* **Task**:
Return the lines of the material below exactly, beginning with the line that has "12月24日下午,潍坊护理职" in it and finishing with the line that has "Now let's talk" in it. Leave all pictures aside.
(Data section begins)
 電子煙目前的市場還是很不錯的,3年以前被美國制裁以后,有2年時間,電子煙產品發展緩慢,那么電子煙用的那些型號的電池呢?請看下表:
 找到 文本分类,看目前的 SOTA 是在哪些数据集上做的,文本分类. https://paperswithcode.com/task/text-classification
(Data section ends)
(Data section begins)
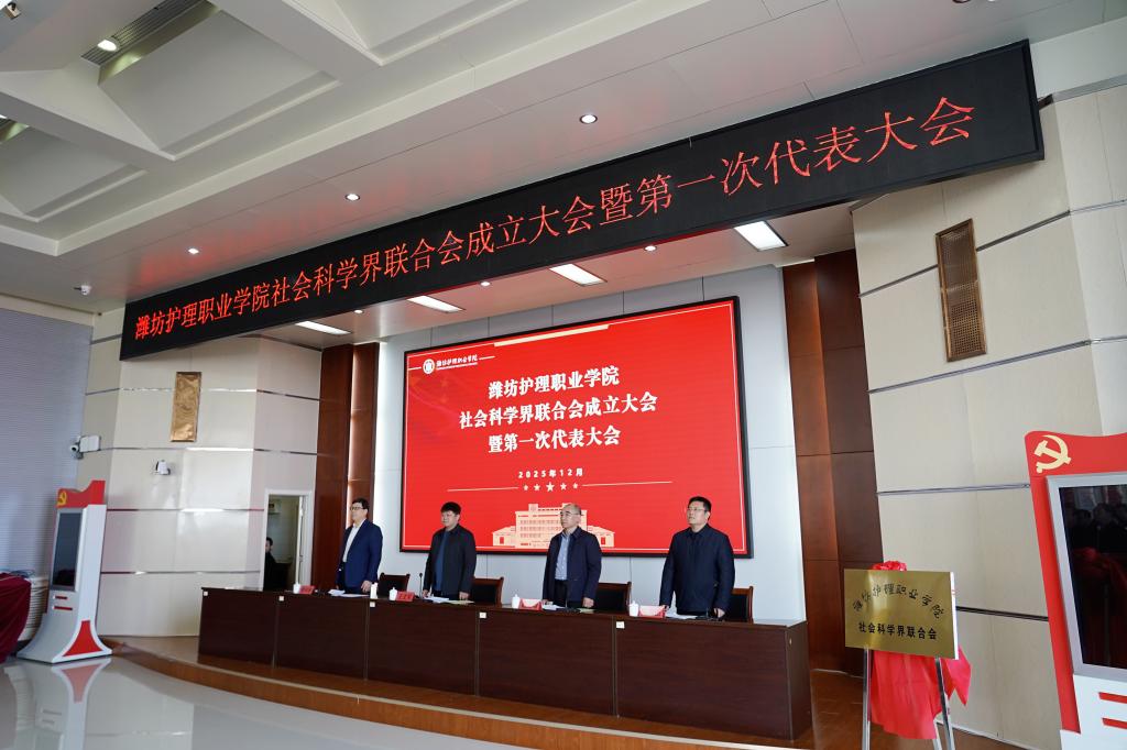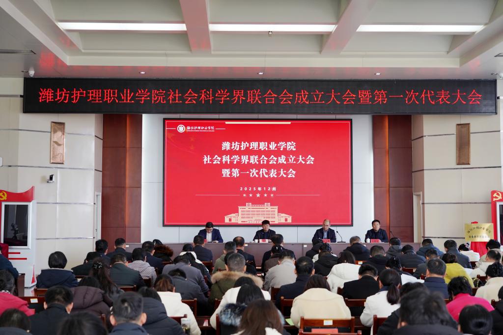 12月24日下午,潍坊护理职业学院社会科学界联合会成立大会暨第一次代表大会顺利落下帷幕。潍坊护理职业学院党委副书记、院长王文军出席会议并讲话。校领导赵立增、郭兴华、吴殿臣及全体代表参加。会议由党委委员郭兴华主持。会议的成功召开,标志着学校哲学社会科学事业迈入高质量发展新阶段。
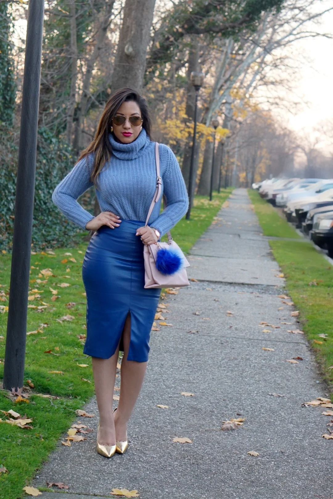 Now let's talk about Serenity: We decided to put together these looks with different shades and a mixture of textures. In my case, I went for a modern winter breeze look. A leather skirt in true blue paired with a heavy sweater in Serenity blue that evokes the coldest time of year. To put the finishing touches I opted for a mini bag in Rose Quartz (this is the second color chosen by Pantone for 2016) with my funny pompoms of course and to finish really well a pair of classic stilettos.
(Data section ends)
(Data section begins)
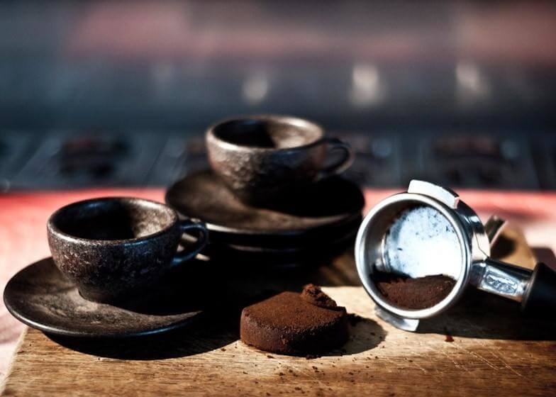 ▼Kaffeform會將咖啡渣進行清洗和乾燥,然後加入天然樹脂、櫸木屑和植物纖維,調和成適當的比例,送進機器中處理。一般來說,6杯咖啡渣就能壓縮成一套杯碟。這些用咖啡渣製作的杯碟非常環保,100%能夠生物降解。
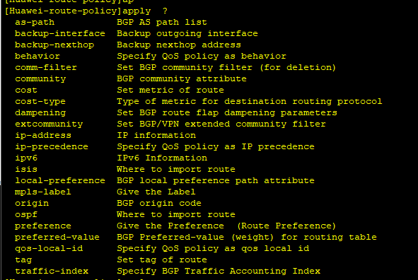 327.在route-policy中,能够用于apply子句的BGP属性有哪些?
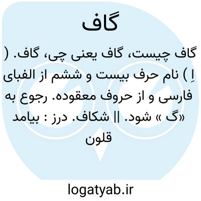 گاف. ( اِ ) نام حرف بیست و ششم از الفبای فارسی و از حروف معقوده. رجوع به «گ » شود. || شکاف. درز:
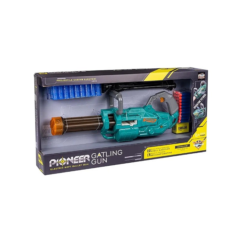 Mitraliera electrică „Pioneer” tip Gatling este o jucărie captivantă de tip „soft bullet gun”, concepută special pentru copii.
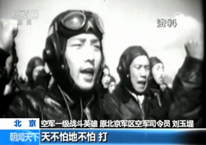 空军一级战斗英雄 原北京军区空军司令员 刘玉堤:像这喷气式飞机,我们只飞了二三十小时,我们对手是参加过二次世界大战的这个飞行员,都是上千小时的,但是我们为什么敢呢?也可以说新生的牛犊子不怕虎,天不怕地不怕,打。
(Data section ends)
* **Written reply**:
 12月24日下午,潍坊护理职业学院社会科学界联合会成立大会暨第一次代表大会顺利落下帷幕。潍坊护理职业学院党委副书记、院长王文军出席会议并讲话。校领导赵立增、郭兴华、吴殿臣及全体代表参加。会议由党委委员郭兴华主持。会议的成功召开,标志着学校哲学社会科学事业迈入高质量发展新阶段。
 Now let's talk about Serenity: We decided to put together these looks with different shades and a mixture of textures. In my case, I went for a modern winter breeze look. A leather skirt in true blue paired with a heavy sweater in Serenity blue that evokes the coldest time of year. To put the finishing touches I opted for a mini bag in Rose Quartz (this is the second color chosen by Pantone for 2016) with my funny pompoms of course and to finish really well a pair of classic stilettos.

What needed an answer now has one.